Misinformation and inauthentic behavior

Last updated: 1 year ago

To help keep LinkedIn safe, trusted, and professional, our internal team of experienced news editors provides trustworthy news about current events from verified sources. We also work to identify and remove misinformation and inauthentic behavior from our platform. As we continue to improve, we are committed to helping our members make informed decisions about content they find on LinkedIn, so we work with Microsoft to provide tools that assist our members in identifying trustworthy, relevant, authentic, and diverse content.

LinkedIn’s Professional Community Policies clearly detail the objectionable and harmful content that is not allowed on LinkedIn. Misinformation and inauthentic content is not allowed, and our automated defenses take proactive steps to remove them. LinkedIn’s blog provides information regarding our efforts, including How We’re Protecting Members From Fake Profiles, Automated Fake Account Detection, and An Update on How We Keep Members Safe.

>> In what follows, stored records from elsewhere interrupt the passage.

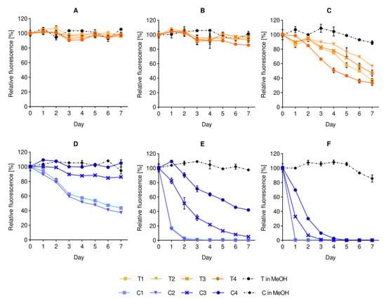 Effect of storage temperature on the fluorescence stability of liposomal dyes. The stability of T-containing formulations (panels A–C) and C-containing formulations (panels D–F) are compared to their respective dye solutions in methanol after daily sampling at the temperatures of 4 °C (A,D), 25 °C (B,E) and 37 °C (C,F). All formulations were pre-diluted in isotonic buffer to fit in the detectable range of the instrument. The fluorescence is expressed as mean (%) ± SD (n = 3), where 100% is the initial fluorescence value of each formulation (Day 0). Abbreviations: T refers to the lipid dye; C to the surface lipid dye; MeOH is short for methanol; SD is standard deviation.
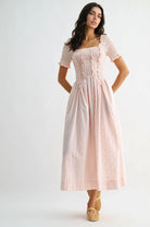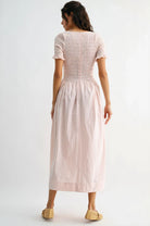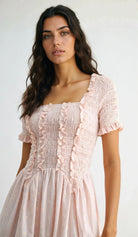 Embrace effortless elegance with this charming midi dress. The fitted smocked bodice provides gentle shaping while the soft pink fabric adorned with delicate daisy prints and subtle vertical stripes creates a refined, timeless aesthetic. Short sleeves and a modest square neckline offer comfort and versatility, while decorative ruffle trims along the bodice add subtle dimension.
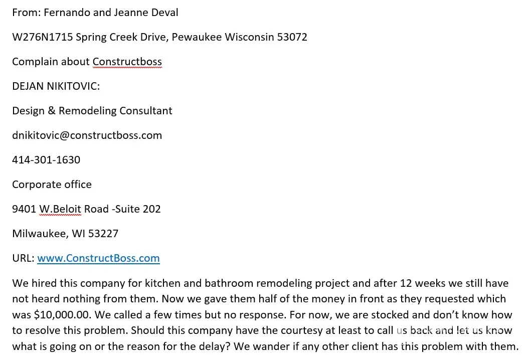 here is the complain we have about contrucboss company

LinkedIn members can report content that violates our Professional Community Policies, including misinformation and inauthentic content. Our Trust and Safety teams work every day to identify and restrict such activity, and if reported content violates the Professional Community Policies, it will be removed. 

LinkedIn members can identify misinformation and inauthentic behavior by utilizing the News Literacy Project, The Trust Project and Verified, all of which develop information literacy campaigns built on industry research and best practices. The News Literacy Project campaign developed a quiz that tests a person’s ability to identify why the information they are seeing is false and inaccurate in less than five minutes. The Trust Project campaign developed the research-backed 8 Trust Indicators, which aim to improve consumers ability to identify reliable, ethical journalism. Finally, Verified delivers lifesaving information and fact-based advice to build digital literacy that helps communities protect themselves from misinformation.